Download or read book Retreat from Reconstruction, 1869–1879 written by William Gillette and published by LSU Press. This book was released on 1982-01-01 with total page 484 pages. Available in PDF, EPUB and Kindle. Book excerpt: According to William Gillette, recent reinterpretation of Reconstruction by revisionist historians has often tended to overemphasize idealistic motivations at the expense of assessing concrete achievements of the era. Thus, he maintains, the failure of both the purpose and the promise of Reconstruction has not been deeply enough analyzed. Retreat from Reconstruction is the first and most comprehensive analysis yet published on the course of the development, decline, and disintegration of Reconstruction during the decade of the 1870s. Gillette sets forth the idea that these years provided the true test of the effectiveness of Reconstruction. By using the primary sources to back up and amplify his premise, he offers a detailed, thoroughly convincing study of Reconstruction and a significant interpretation of why the political programs of the Republicans ended in failure. Focusing on Reconstruction as national policy and how it was made and administered, Gillette’s study interweaves local developments in the South with political developments in the North that resulted in the withdrawal of support of that policy.
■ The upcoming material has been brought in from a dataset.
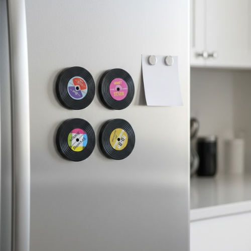 Transform your kitchen into a music lover's paradise with these vibrant Fridge Magnet - Disc designs! This pack of 4 features eye-catching CD and vinyl-inspired artwork that celebrates your passion for music. Each magnet showcases bold, colorful disc graphics perfect for displaying on any metallic surface. Whether you're a collector, music enthusiast, or looking for a fun gift, these playful magnets add personality and nostalgia to your fridge. Durable and lightweight, they keep your notes, photos, and memories perfectly in place while bringing groovy style to your home.

His broadly based work includes an examination of federal election enforcement in the South, the southern policies of the Grant and Hayes administrations, the presidential elections of 1872 and 1876, the congressional election of 1874, and the Civil Rights Act of 1875. In addition to political developments, Gillette touches on the social, economic, intellectual, educational, and racial facets of Reconstruction; and by demonstrating how they bore on the political processes of the era, he deepens our understanding of a crucial but controversial period in American history and the workings of the American political system.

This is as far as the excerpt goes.